SEL1L variants increase NGLY1 deficiency eclosion rates and survival to adulthood.(A) Amino acid sequences for the three SEL1L variant alleles. Red boxes highlight differences between alleles. (B) SEL1L(S/P, +/+) and SEL1LΔ806-809/+ genotypes significantly increase eclosion rates and survival to adulthood (~70%) with NGLY1 knockdown when compared to SEL1L+/+ (45%, p < 0.0001). Chi-squared test. (C) Lifespan of NGLY1 KD flies shows no significant difference in survival to adulthood between SEL1L genotypes. Cox proportional hazard regression analysis.

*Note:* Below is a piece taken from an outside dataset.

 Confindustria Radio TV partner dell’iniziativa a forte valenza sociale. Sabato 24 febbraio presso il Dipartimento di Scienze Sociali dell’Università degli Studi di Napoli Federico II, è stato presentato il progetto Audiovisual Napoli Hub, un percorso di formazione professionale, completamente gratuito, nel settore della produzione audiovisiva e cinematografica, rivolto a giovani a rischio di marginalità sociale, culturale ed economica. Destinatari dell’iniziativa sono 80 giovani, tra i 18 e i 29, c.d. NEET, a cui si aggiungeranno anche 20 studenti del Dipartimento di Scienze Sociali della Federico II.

In our original screen, we crossed a strain carrying both a GAL4 and NGLY1 RNAi transgene with strains of the DGRP. Lethality was scored based on eclosion rates and survival to adulthood of the F1 flies, which had half of their genomes from the NGLY1 RNAi strain and half from the different DGRP strains. Because the NGLY1 RNAi strain is homozygous for the common, wildtype SEL1L^S780^ allele, any new SEL1L variant introduced by the DGRP strain in the F1 generation was heterozygous with the SEL1L^S780^ allele. For clarity, we will refer to the more common major S780 allele as “wildtype” or SEL1L^+/+^. Therefore, the relevant SEL1L genotypes from our screen are: SEL1L^+/+^, SEL1L^S780P/+^, or SEL1L ^Δ806-809/+^. We focus our analyses on these three SEL1L genotypes throughout this study.

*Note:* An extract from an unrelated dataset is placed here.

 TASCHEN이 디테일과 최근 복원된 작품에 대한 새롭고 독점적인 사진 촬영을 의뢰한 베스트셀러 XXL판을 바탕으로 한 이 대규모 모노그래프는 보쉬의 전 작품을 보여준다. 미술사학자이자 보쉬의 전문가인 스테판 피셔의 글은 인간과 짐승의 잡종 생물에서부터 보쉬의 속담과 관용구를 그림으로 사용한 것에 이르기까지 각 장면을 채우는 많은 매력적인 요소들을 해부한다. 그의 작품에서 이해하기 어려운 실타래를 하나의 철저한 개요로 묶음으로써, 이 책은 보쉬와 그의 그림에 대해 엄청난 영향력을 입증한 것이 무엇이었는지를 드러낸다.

Based on the original DGRP screen, we expected that the SEL1L^S780P/+^ and SEL1L^Δ806-809/+^ genotypes would increase eclosion rates and survival to adulthood of the NGLY1 model, compared to the wildtype SEL1L genotype. To validate the results of the screen, we crossed the same NGLY1 RNAi strain used in the modifier screen with each of our new SEL1L variant CRISPR strains to generate flies that have the exact SEL1L genotypes from the screen. The eclosion rates and survival to adulthood was determined in the same manner as the original screen, by dividing the number of NGLY1 knockdown flies by the largest balancer class in its cross [9]. There were significantly increased eclosion rates and survival to adulthood of NGLY1 knockdown flies with the SEL1L^S780P/+^ and SEL1L^Δ806-809/+^ genotypes compared to the SEL1L^+/+^ genotype (Fig 1B and S1 Data). The SEL1L^+/+^ genotype had a 45% eclosion rate and survival to adulthood compared to ~70% in the SEL1L^S780P/+^ (p < 0.001) and SEL1L^Δ806-809/+^ (p < 0.001) genotypes. This result nicely replicates our previous genetic screen that showed increased eclosion rates and survival to adulthood in the DGRP lines with these particular SEL1L variants and suggests that the SEL1L^S780P^ and SEL1L^Δ806-809^ alleles are protective against NGLY1 deficiency. We also evaluated the lifespan of these surviving NGLY1 knockdown flies, but found no significant differences between the SEL1L^S780P/+^ and SEL1L^Δ806-809/+^ and the SEL1L^+/+^ genotype (Fig 1C and S1 Data), suggesting that the interaction occurs during development.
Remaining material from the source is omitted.